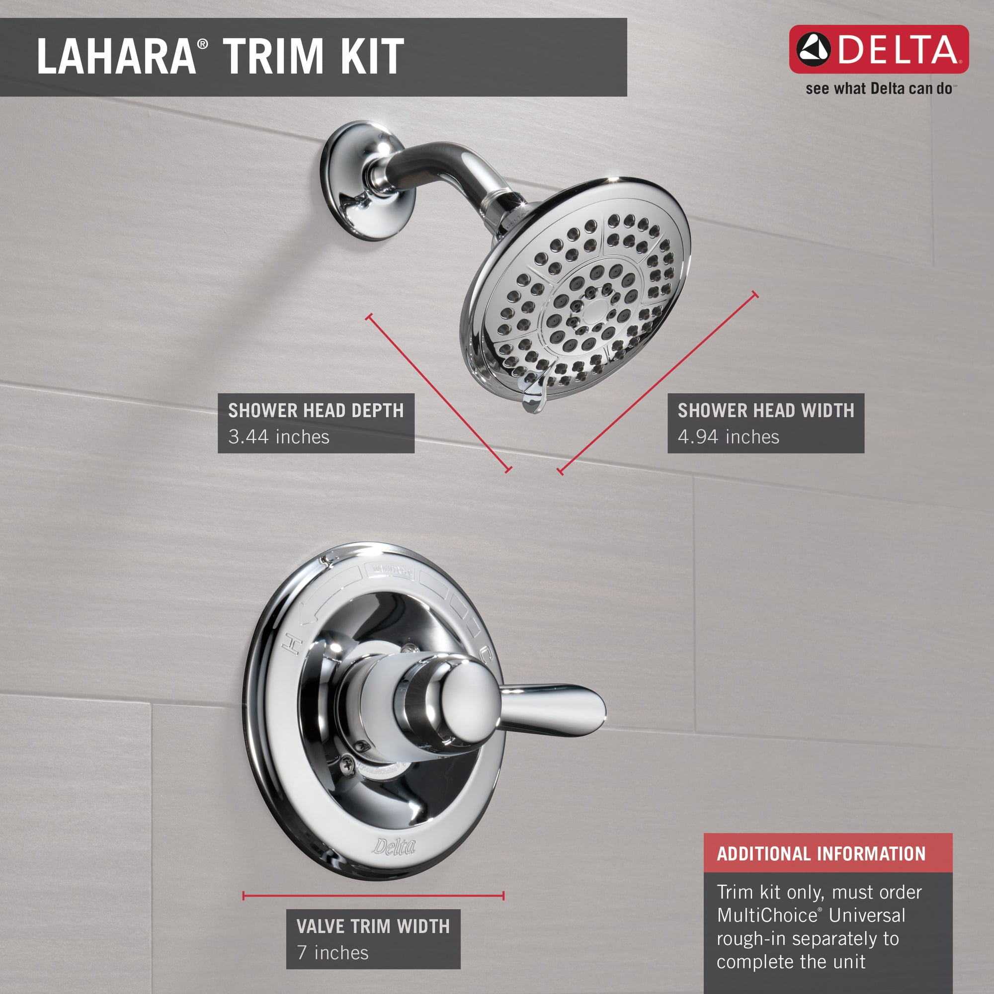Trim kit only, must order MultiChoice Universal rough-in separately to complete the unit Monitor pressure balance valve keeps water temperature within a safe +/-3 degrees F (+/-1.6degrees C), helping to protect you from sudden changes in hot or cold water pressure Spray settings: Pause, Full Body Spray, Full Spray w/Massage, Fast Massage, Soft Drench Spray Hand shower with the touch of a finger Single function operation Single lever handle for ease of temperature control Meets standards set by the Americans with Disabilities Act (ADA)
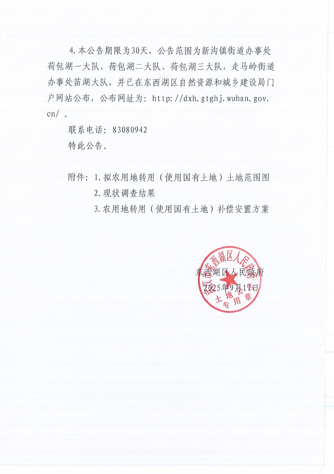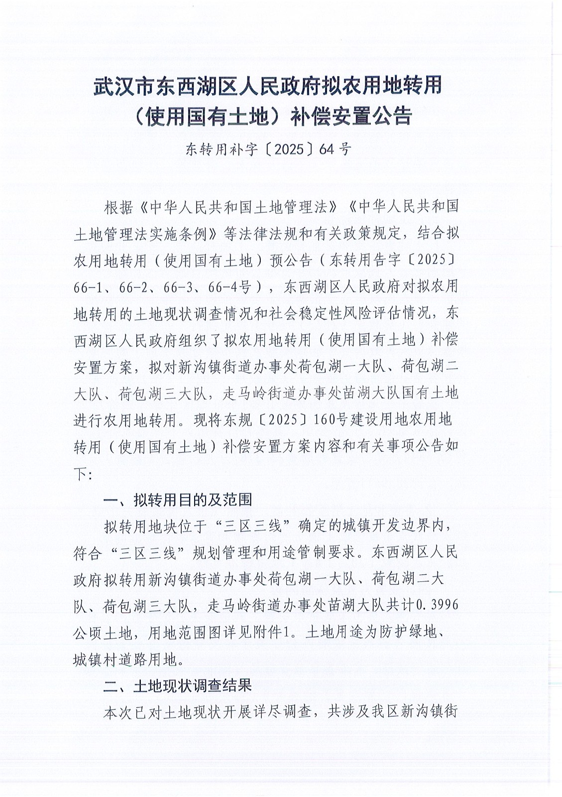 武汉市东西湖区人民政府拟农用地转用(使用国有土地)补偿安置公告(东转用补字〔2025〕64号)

---

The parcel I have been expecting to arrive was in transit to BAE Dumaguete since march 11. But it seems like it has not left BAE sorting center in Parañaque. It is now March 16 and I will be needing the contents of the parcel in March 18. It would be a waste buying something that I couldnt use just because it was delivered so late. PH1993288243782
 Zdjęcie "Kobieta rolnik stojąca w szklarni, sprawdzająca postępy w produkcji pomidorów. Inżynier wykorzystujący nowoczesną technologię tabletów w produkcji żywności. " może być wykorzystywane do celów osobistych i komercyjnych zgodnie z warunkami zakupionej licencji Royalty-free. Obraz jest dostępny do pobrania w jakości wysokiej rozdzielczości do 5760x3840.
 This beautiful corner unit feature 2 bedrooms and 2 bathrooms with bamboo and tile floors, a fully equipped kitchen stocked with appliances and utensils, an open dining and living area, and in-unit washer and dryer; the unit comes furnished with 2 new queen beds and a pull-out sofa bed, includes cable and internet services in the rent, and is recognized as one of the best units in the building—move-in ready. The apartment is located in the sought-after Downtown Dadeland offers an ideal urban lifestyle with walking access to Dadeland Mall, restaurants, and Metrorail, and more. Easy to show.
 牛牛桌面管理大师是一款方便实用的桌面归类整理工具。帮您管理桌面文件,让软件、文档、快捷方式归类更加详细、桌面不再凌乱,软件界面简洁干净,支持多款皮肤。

* * *

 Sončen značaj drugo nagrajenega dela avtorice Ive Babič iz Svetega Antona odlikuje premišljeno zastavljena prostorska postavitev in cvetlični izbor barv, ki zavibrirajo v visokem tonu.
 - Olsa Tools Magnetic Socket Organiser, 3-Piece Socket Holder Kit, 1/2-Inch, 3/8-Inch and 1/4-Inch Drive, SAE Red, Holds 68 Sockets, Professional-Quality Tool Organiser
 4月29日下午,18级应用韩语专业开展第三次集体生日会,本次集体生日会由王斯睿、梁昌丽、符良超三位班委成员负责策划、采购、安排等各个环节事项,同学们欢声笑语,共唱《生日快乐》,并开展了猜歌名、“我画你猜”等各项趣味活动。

### Work to complete:
Write back word for word every line in the entries above from the one with "Trim kit only, must" to the one with "武汉市东西湖区人民政府拟农用", ends included, and none of the pictures.

### Written response:
Trim kit only, must order MultiChoice Universal rough-in separately to complete the unit Monitor pressure balance valve keeps water temperature within a safe +/-3 degrees F (+/-1.6degrees C), helping to protect you from sudden changes in hot or cold water pressure Spray settings: Pause, Full Body Spray, Full Spray w/Massage, Fast Massage, Soft Drench Spray Hand shower with the touch of a finger Single function operation Single lever handle for ease of temperature control Meets standards set by the Americans with Disabilities Act (ADA)
 武汉市东西湖区人民政府拟农用地转用(使用国有土地)补偿安置公告(东转用补字〔2025〕64号)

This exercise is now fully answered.